• **SOURCE MATERIAL**:
══════════

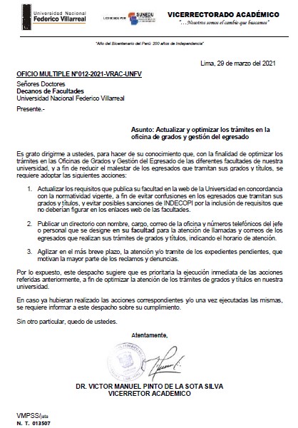 Cartas de felicitación por el 41° aniversario de la facultad:
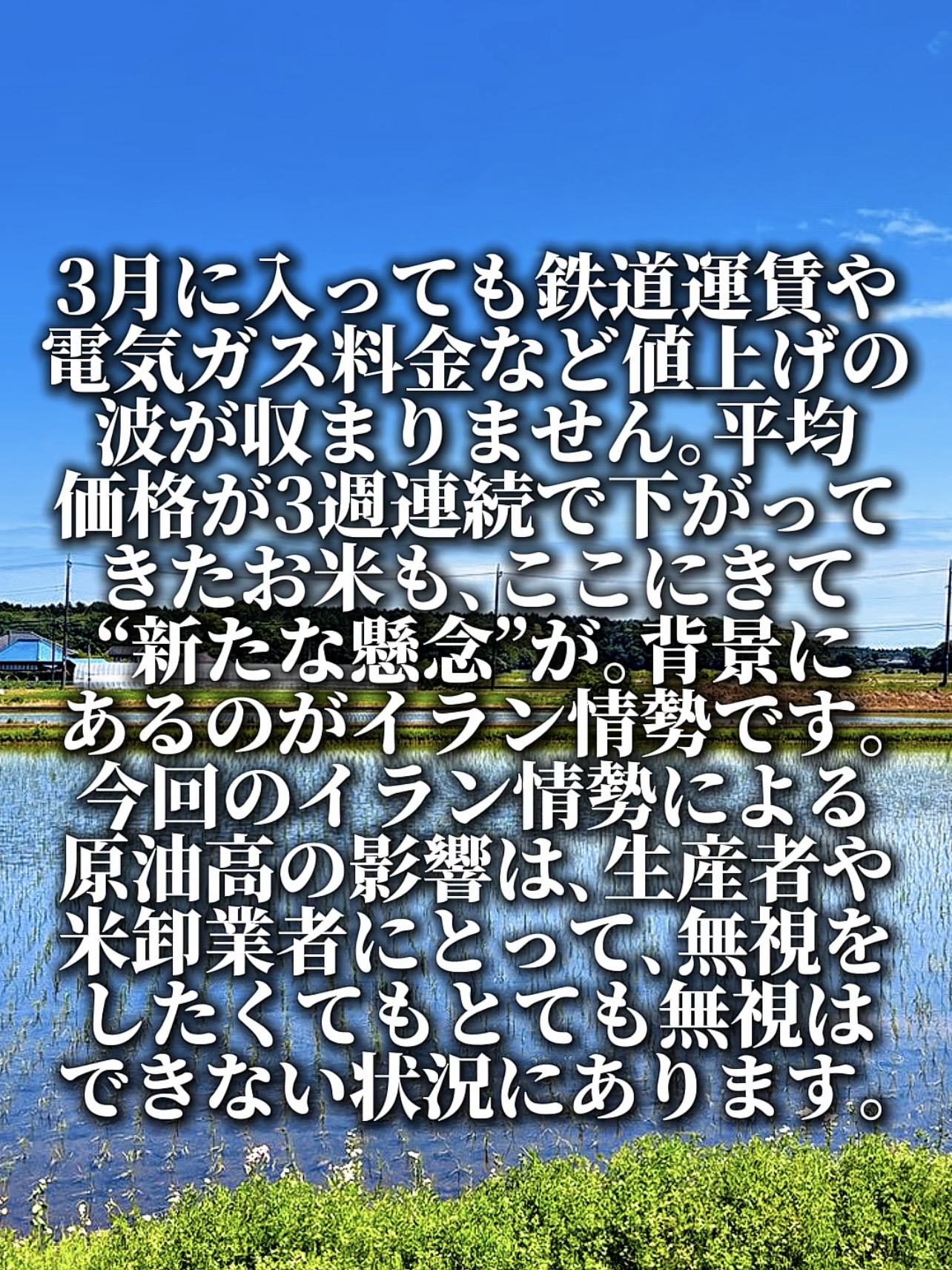 イラン情勢による影響にも 今後注目していかざるを得ません🌾
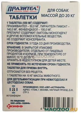 Антигельминтный препарат для собак мелких и средних пород весом до 20 кг в форме таблеток.
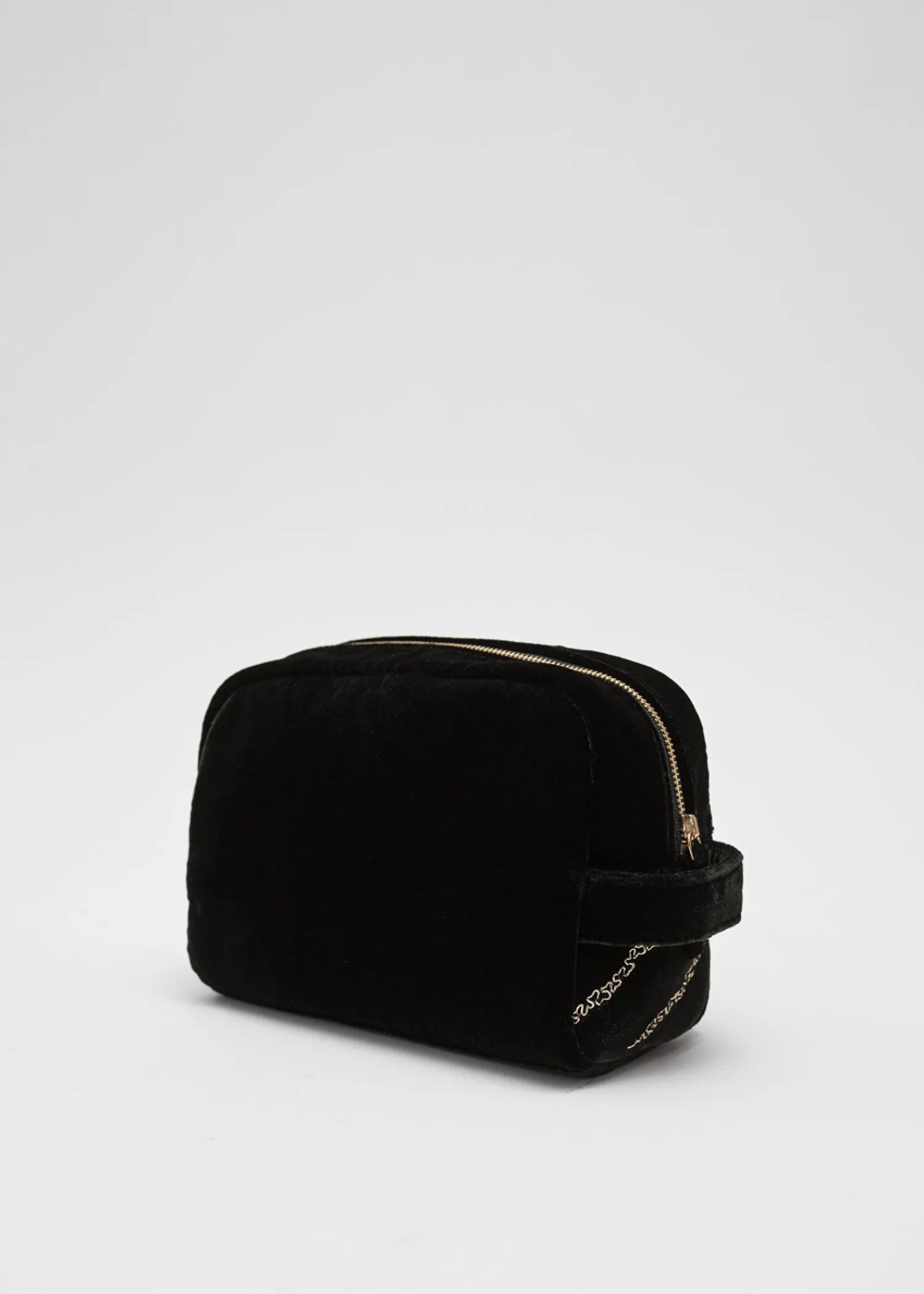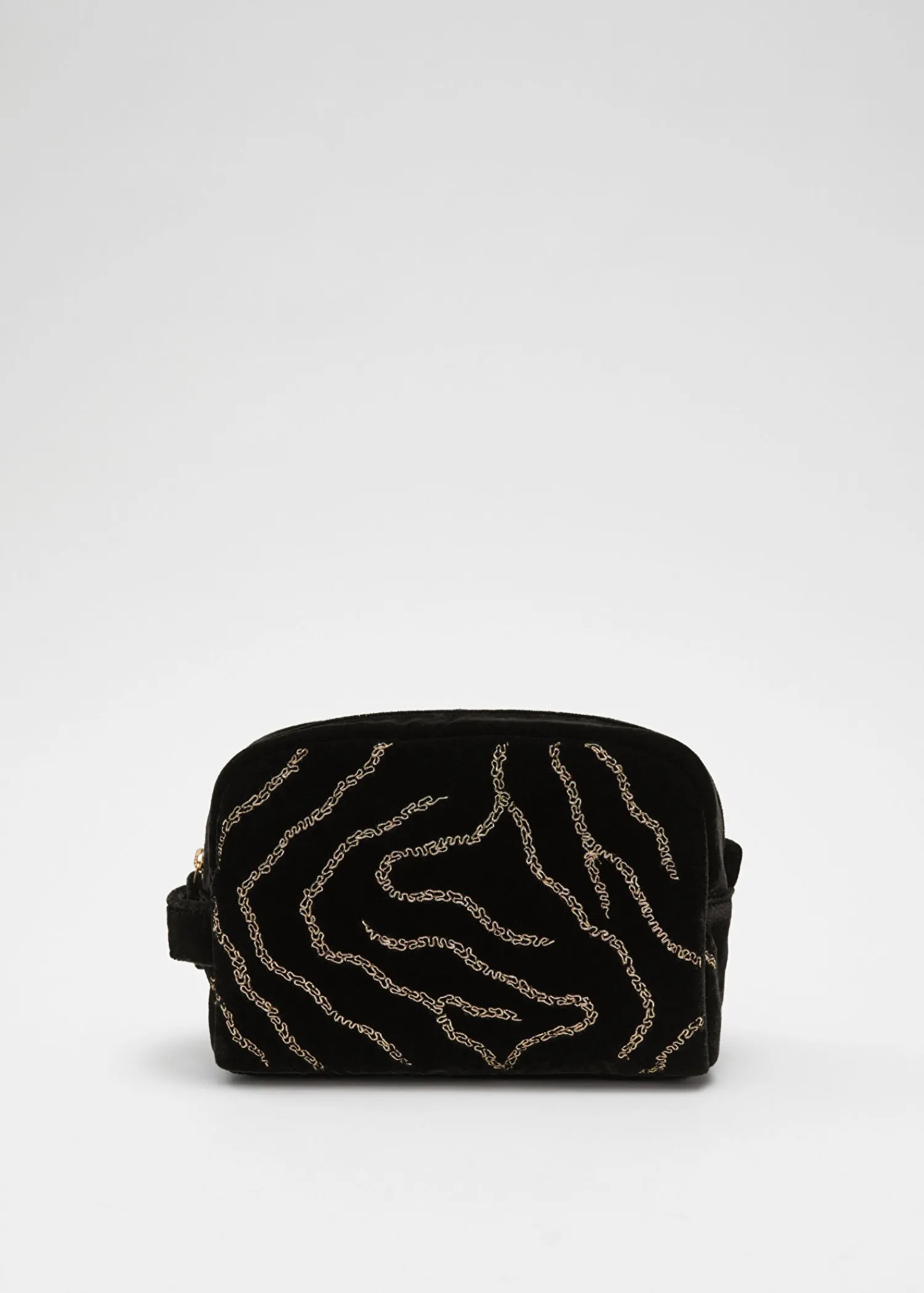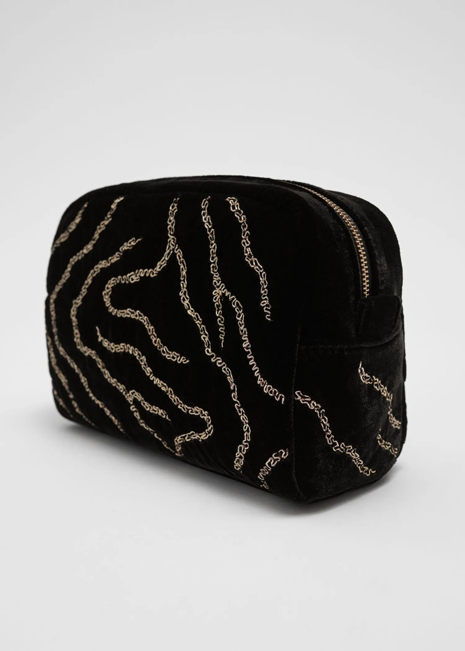 Toilettaske Lavet I Sort Fløjl, Detaljeret Med Gyldent Zebrabroderi Og Guldfarvet Lynlås. Afsluttet Med Bomuldsfor. Bredde: 21Cm / 8.3 Højde: 16Cm / 6.3 Dybde: 11Cm / 4.3

══════════

• **TASK DESCRIPTION**:
Print the material precisely as given, dropping any images it holds.

• **EXPECTED OUTPUT**:
 Cartas de felicitación por el 41° aniversario de la facultad:
 イラン情勢による影響にも 今後注目していかざるを得ません🌾
 Антигельминтный препарат для собак мелких и средних пород весом до 20 кг в форме таблеток.
 Toilettaske Lavet I Sort Fløjl, Detaljeret Med Gyldent Zebrabroderi Og Guldfarvet Lynlås. Afsluttet Med Bomuldsfor. Bredde: 21Cm / 8.3 Højde: 16Cm / 6.3 Dybde: 11Cm / 4.3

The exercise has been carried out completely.